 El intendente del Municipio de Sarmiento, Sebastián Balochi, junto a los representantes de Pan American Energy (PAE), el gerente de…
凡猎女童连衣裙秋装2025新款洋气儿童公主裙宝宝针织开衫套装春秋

==

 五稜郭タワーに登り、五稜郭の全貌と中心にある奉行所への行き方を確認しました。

* * *

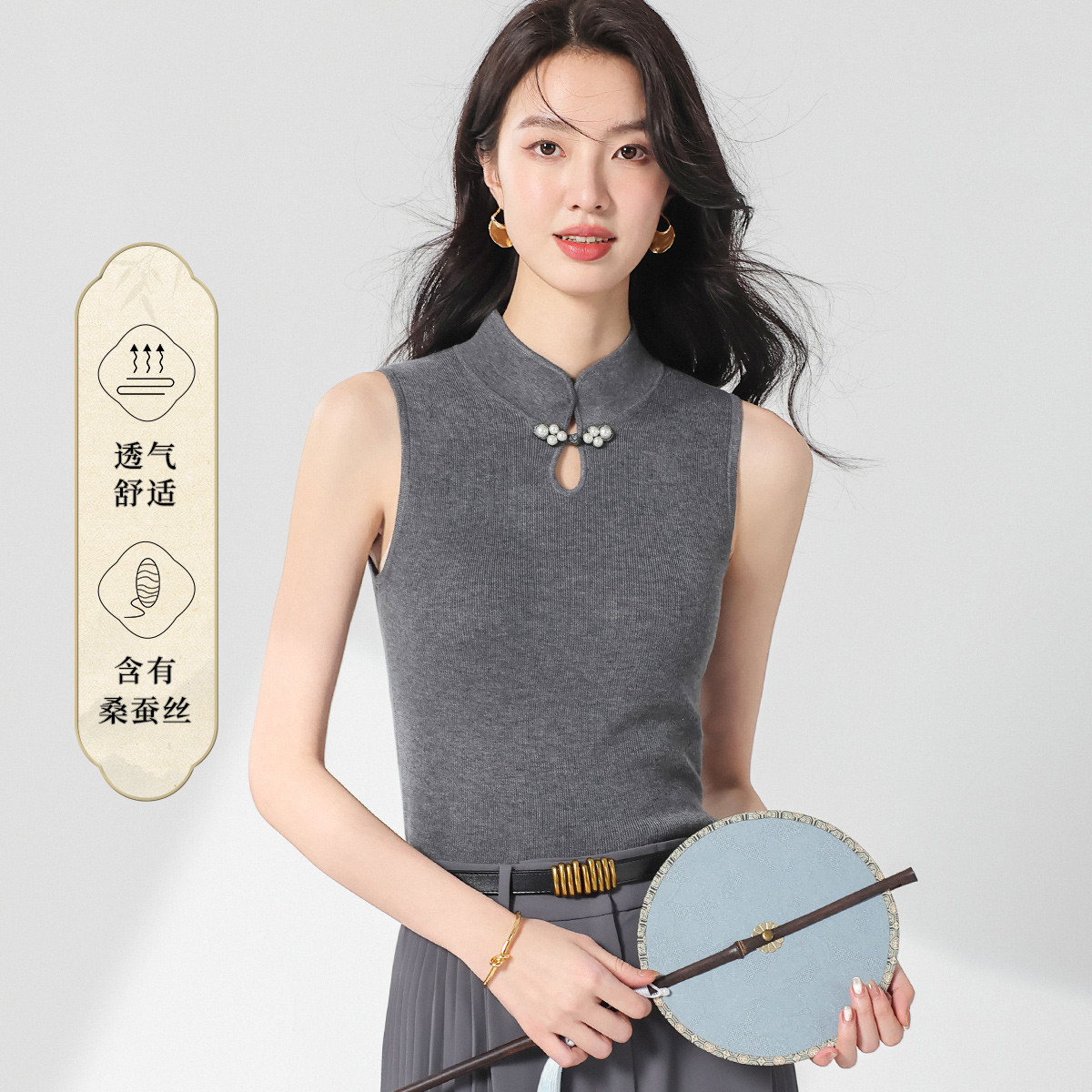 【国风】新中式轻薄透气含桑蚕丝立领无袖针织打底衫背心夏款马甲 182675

== TASK GOAL ==
Return the span of lines in the data above that opens at the line with "El intendente del" and closes at the line with "凡猎女童连衣裙秋装2025新款洋气儿童公主裙宝宝针织开衫套装春秋", exactly, ends included, nothing else.

== ANSWER FOR THIS EXERCISE ==
 El intendente del Municipio de Sarmiento, Sebastián Balochi, junto a los representantes de Pan American Energy (PAE), el gerente de…
凡猎女童连衣裙秋装2025新款洋气儿童公主裙宝宝针织开衫套装春秋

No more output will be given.